At our practice, Dr. Pradeep S. and Dr. Kalpa Pandya guide you through every step of this journey with clarity and empathy. As specialists in oral & maxillofacial surgery (OMFS), they understand how deeply this procedure impacts your daily life, from eating and speaking to your self-confidence. Their goal is not just to treat the disease, but to plan your reconstruction from day one so you can return to your normal routine as smoothly as possible.
Understanding Upper Jaw and Palate Cancers
Cancers of the upper jaw and palate often begin in the thin, flat squamous cells that line the inside of the mouth. In India, chronic irritation of the oral tissues is a major contributing factor to these conditions. Habits such as chewing tobacco, gutka, or betel nut (areca nut), along with smoking and heavy alcohol consumption, significantly increase the risk of developing oral malignancies that require oral cancer surgery. These habits can also lead to chronic conditions like oral submucous fibrosis (OSMF) or other oral potentially malignant disorders (OPMD), which require close monitoring.
Recognizing early warning signs can make a profound difference in treatment outcomes. We advise patients to seek a professional evaluation if they notice any of the following persistent changes:
Loosening of upper teeth: Teeth that become loose without any underlying gum disease or trauma.
Non-healing ulcer: A sore on the roof of the mouth or gums that does not heal within two weeks.
Nasal symptoms: Unexplained nasal blockage, nosebleeds, or fluid leaking from one side of the nose.
Facial changes: Swelling of the cheek, pain in the mid-face, or a change in how your dentures fit.
How We Diagnose and Plan Your Upper Jaw Surgery
An accurate diagnosis is the foundation of a successful treatment plan. When you consult with Dr. Pradeep S. and Dr. Kalpa Pandya, they perform a comprehensive clinical examination of your oral cavity, face, and neck. To understand the exact boundaries of the tumour and its relationship to nearby structures like the sinuses and eye sockets, advanced imaging is essential.
We coordinate a detailed diagnostic workup to ensure no detail is overlooked. This process typically involves:
Biopsy: A small tissue sample is taken from the lesion and analyzed by a pathologist to confirm the diagnosis.
CT scan: High-resolution computed tomography scans help visualize the bone involvement of the maxilla.
MRI scan: Magnetic resonance imaging provides clear details of soft tissue involvement and nerve pathways.
Nasal endoscopy: A thin, lighted scope may be used to inspect the nasal cavity and sinuses.
What Happens During Maxillectomy Upper Jaw Surgery?
A maxillectomy is a highly controlled surgical procedure performed under general anesthesia. The primary objective of upper jaw cancer surgery is to remove the tumour completely with safe margins while preserving as much healthy tissue and function as possible. The extent of the surgery depends entirely on the size and location of the lesion.

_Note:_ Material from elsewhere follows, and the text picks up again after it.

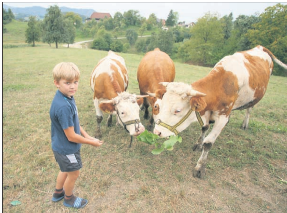
Pri Cesarjevih pasejo kakšnih osem goved, prašiče imajo samo za domače kolone.

ča pa se zgolj zaradi lastne zavesti, da je tako dobro in prav, ter zaradi ljudi, ki to znajo ceniti. Meso enega ali dveh goved na leto prodajo na domu. Cena v klavnici je namreč zgolj deset centov boljša kot za običajno vzreje-

Depending on your specific diagnosis, Dr. Pradeep S. and Dr. Kalpa Pandya will perform one of the following variations:
Partial maxillectomy: The removal of a small portion of the upper jaw, often leaving the main structure of the palate intact.
Subtotal maxillectomy: The removal of a larger portion of the maxilla, which may open a connection between the mouth and the nasal sinus.
Total maxillectomy: The complete removal of one side of the upper jaw, which requires immediate or delayed reconstruction.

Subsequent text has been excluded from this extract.